Exercise aim: Transcribe, exactly and without pictures, the lines below from the line with "Na zewnątrz pudełka" to the line with "Striped poplin fabricSingle", both ends included, and no others.

Collected material:
----

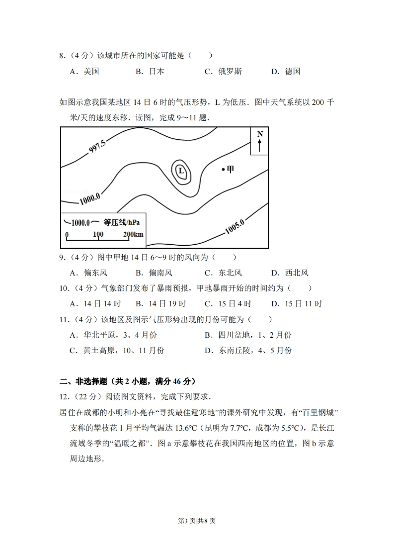 2013年全国统一高考地理试卷(新课标I)一、选择题(共4小题,每小题0分,满分0分)哥伦比亚已经成为世界重要的鲜切花生产国.读图,完成1~3题.120°90美国120北回归线60墨西哥9009哥伦比亚60°1.(4分)每年情人节(2月14日),在美国销售的鲜切玫瑰花多来自哥伦比亚.与美国相比,在此期间,哥伦比亚生产鲜切花的优势自然条件是()A.地形较平B.降水较丰沛C.气温较高D.土壤较肥沃2.(4分)哥伦比亚向美国运送鲜切玫瑰花宜采用()A.公路运输B.铁路运输C.航空运输D.海洋运输3.(4分)目前,墨西哥已成为哥伦比亚在美国鲜切花市场的竞争对手,与哥伦比亚相比,墨西哥开拓美国鲜切花市场的优势在于()A,运费低B.热量足C.技术高D.品种全如图为45N附近某区域的遥感影像,其中深色部分为植被覆盖区,浅色部分为高原荒漠区:终年冰雪覆盖的山峰海拔3424米,距海约180千米.读图,完成4~6题.第1页供8页01020km山蜂脉植被覆盖区高原荒漠区4.(4分)导致图示区域降水差异的主导因素是()A.大气环流B.地形C.纬度位置D.洋流5.(4分)该区域位于()A,亚欧大陆太平洋沿岸地区B.亚欧大陆大西洋沿岸地区C.北美洲大西洋沿岸地区D.北美洲太平洋沿岸地区6.(4分)该区域中山脉西坡山麓的自然植被属于()A.常绿阔叶林B.常绿硬叶林C.针阔叶混交林D.草原如图示意某城市20世纪80年代和90年代平均年变化率.当前,该城市总人口约1300万.据此完成7~8题.3总人口增张32国际净迁移白妖僧长总人口增:2国际净迁移用100国内净迁移国内净迁移31981w199n1991w200037.(4分)20世纪90年代和80年代相比,该城市()A.总人口增长速度加快B.总人口减少C.人口自然增长率降低D.人口净迁入量减少第2页供8页
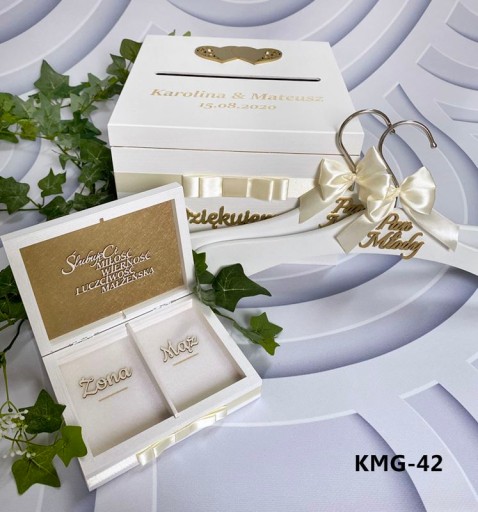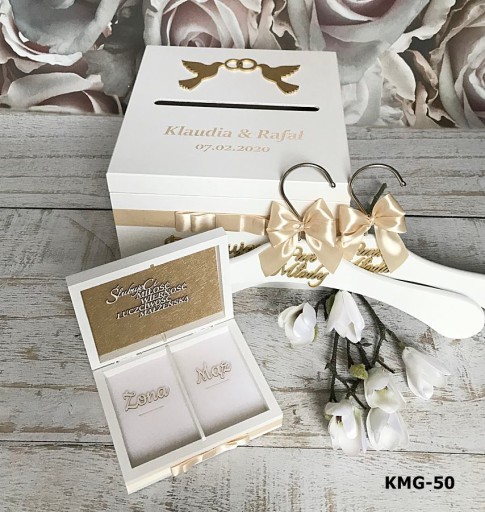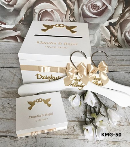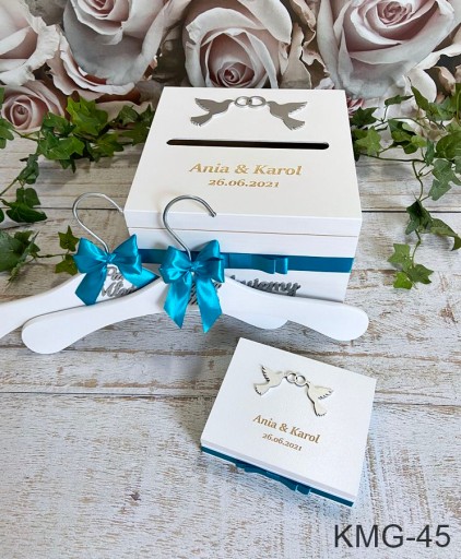 Na zewnątrz pudełka naklejony przestrzenny dekor gołąbki lub serca ( dekor lakierowany w kolorze złotym lub srebrnym) w zależności od wybranego modelu
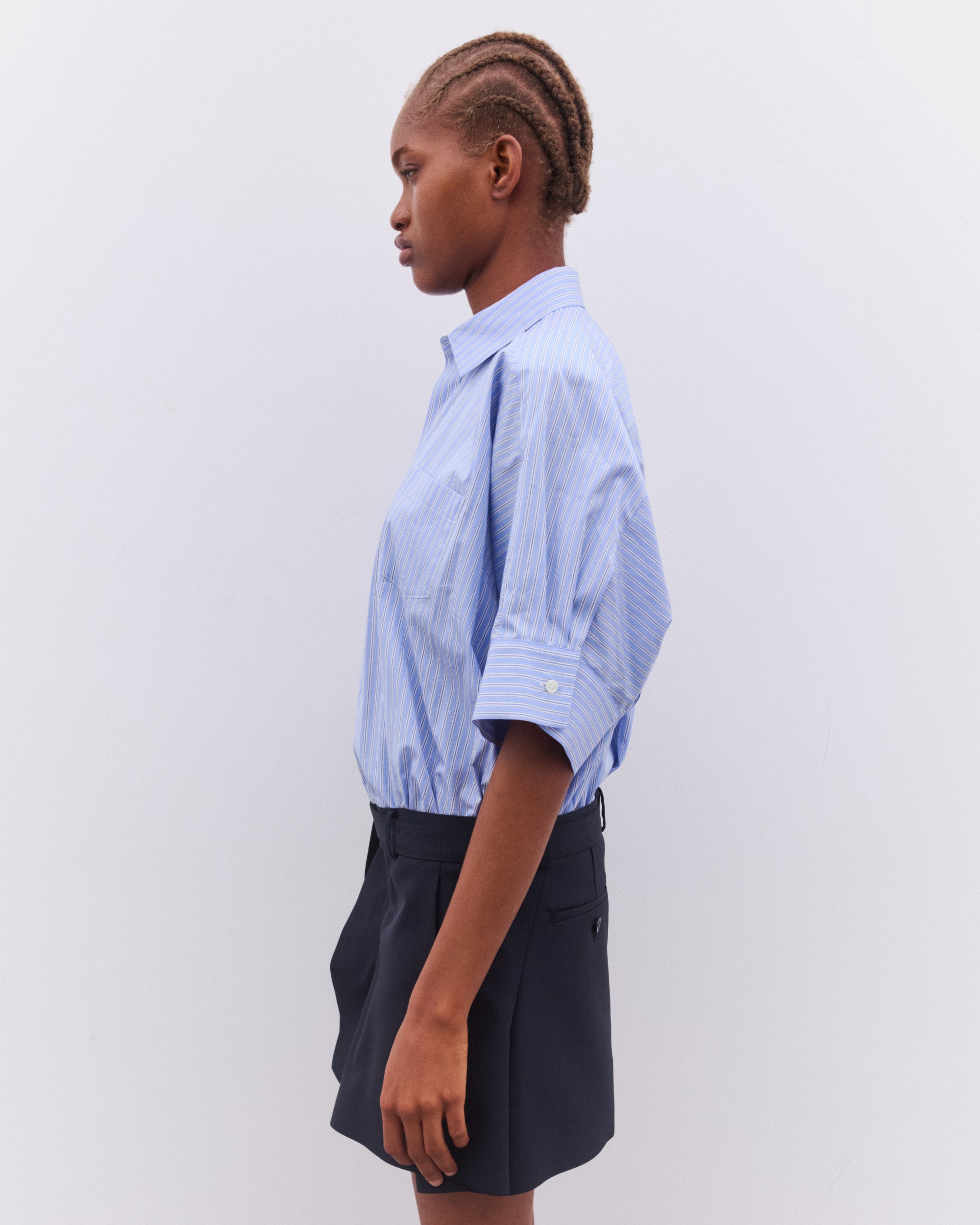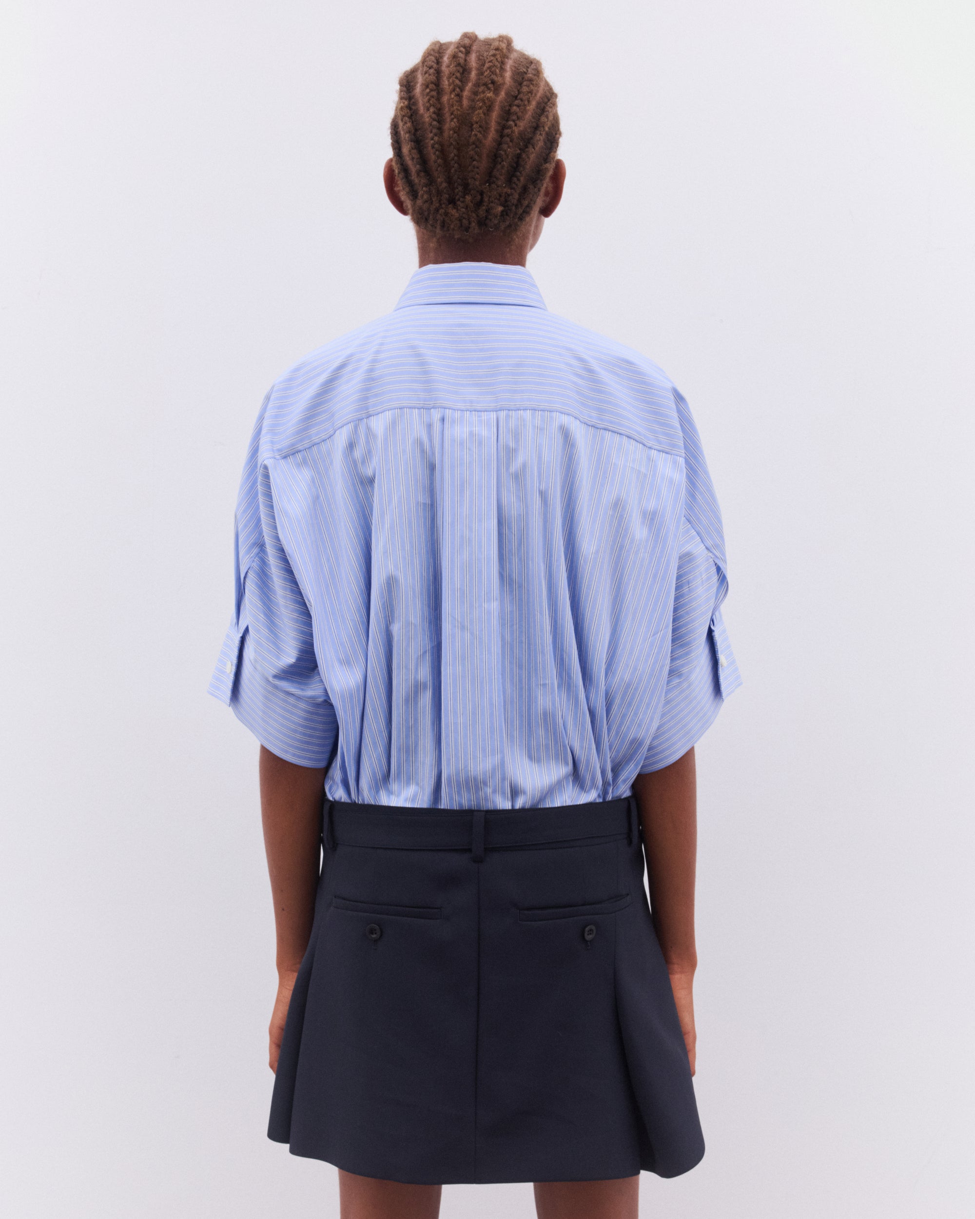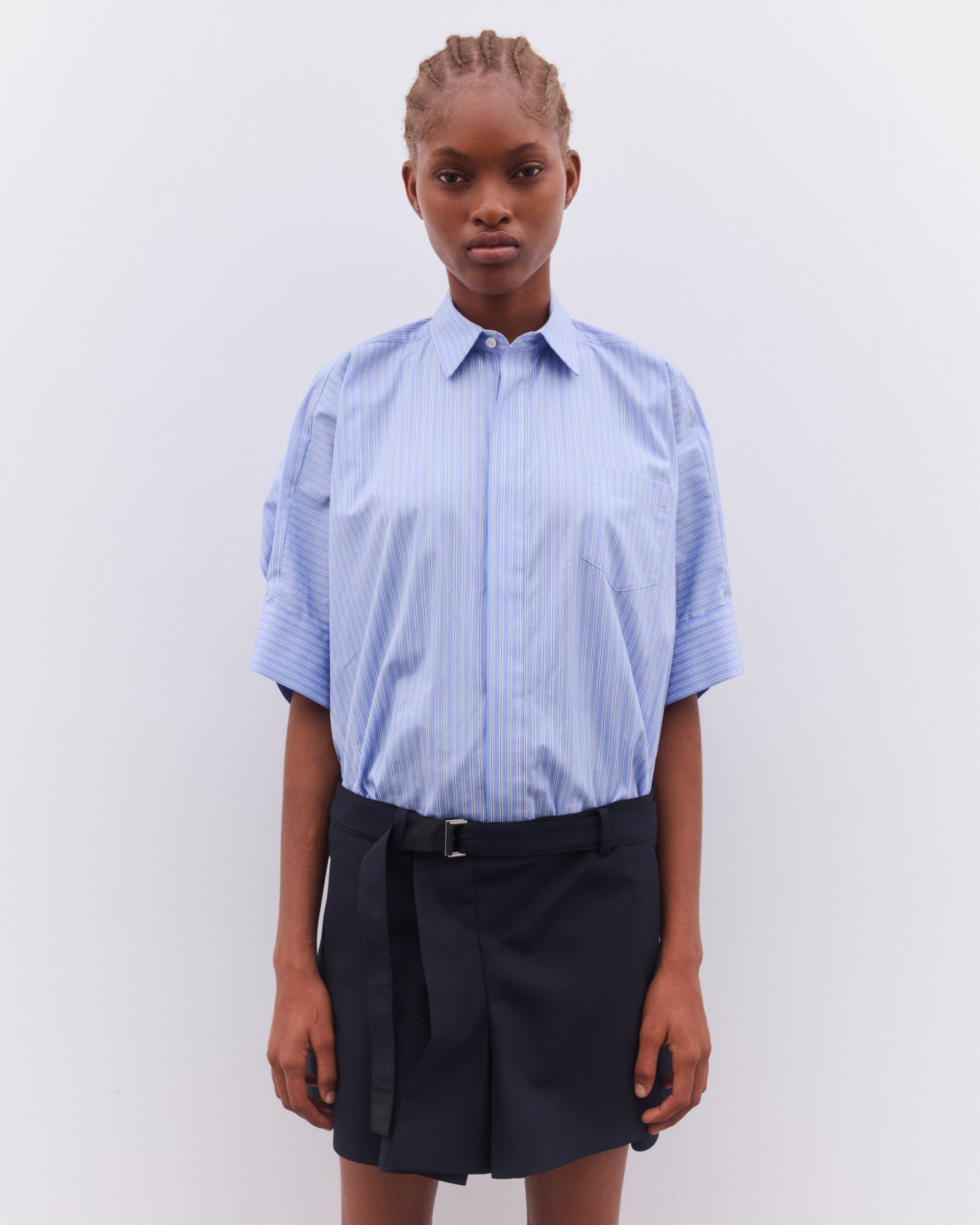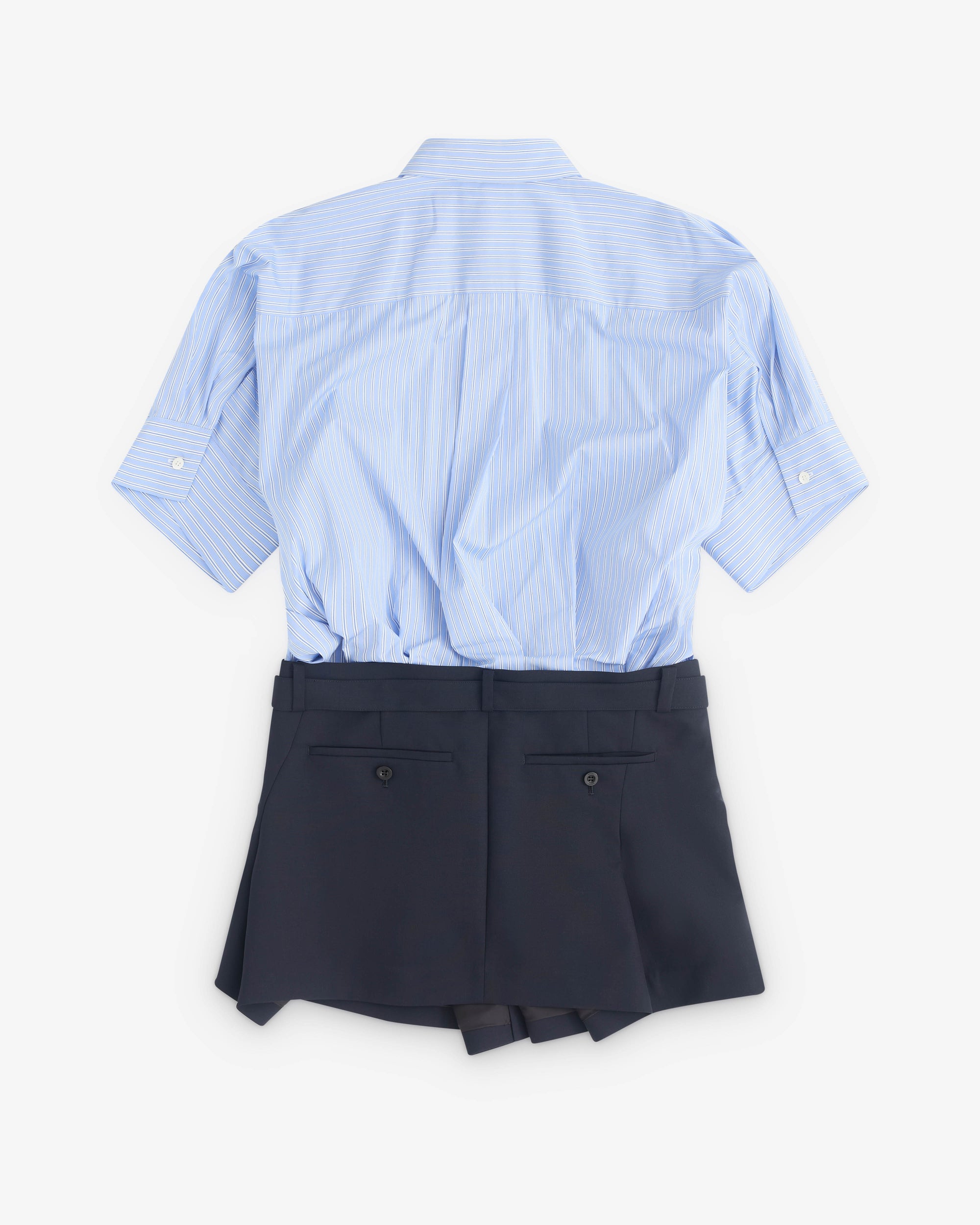 Striped poplin fabricSingle chest pocketShirting collarBelted waistPleating and rear pockets at skirt Thigh length
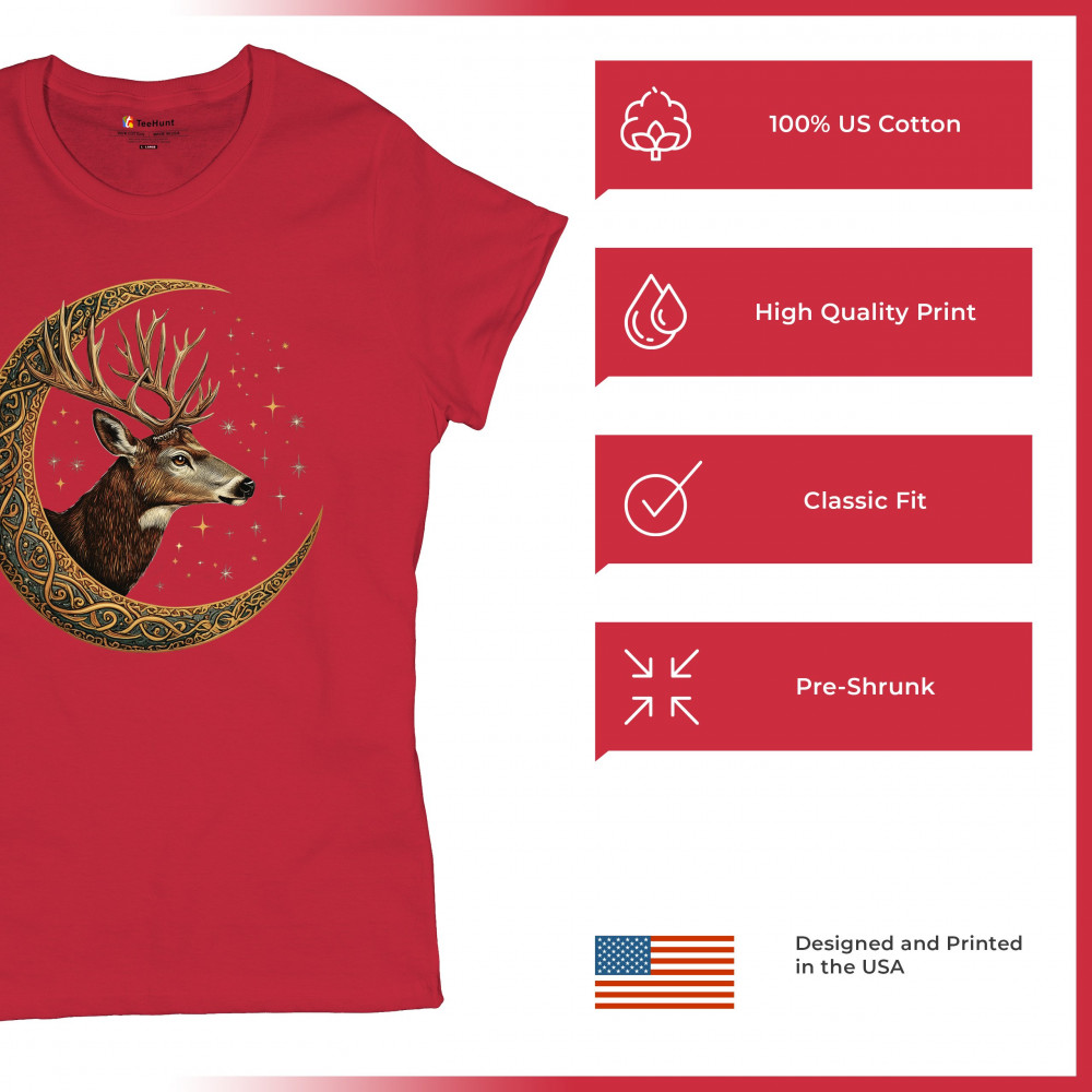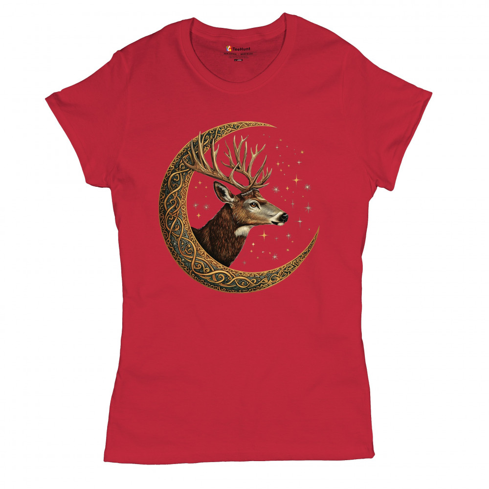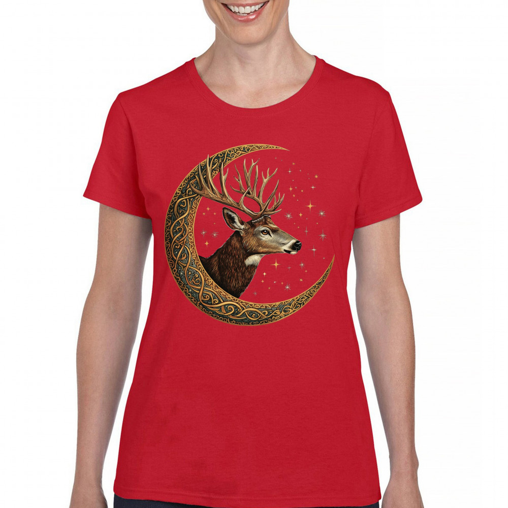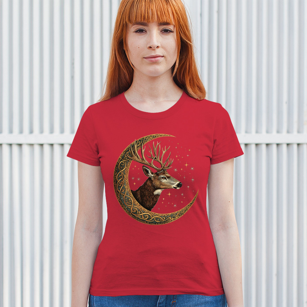Majestic deer in Celtic moon with stars—symbol of protection, nature, and cosmic wisdom. A mystical gift for hunters, druids, and forest lovers.

----

Output:
 Na zewnątrz pudełka naklejony przestrzenny dekor gołąbki lub serca ( dekor lakierowany w kolorze złotym lub srebrnym) w zależności od wybranego modelu
 Striped poplin fabricSingle chest pocketShirting collarBelted waistPleating and rear pockets at skirt Thigh length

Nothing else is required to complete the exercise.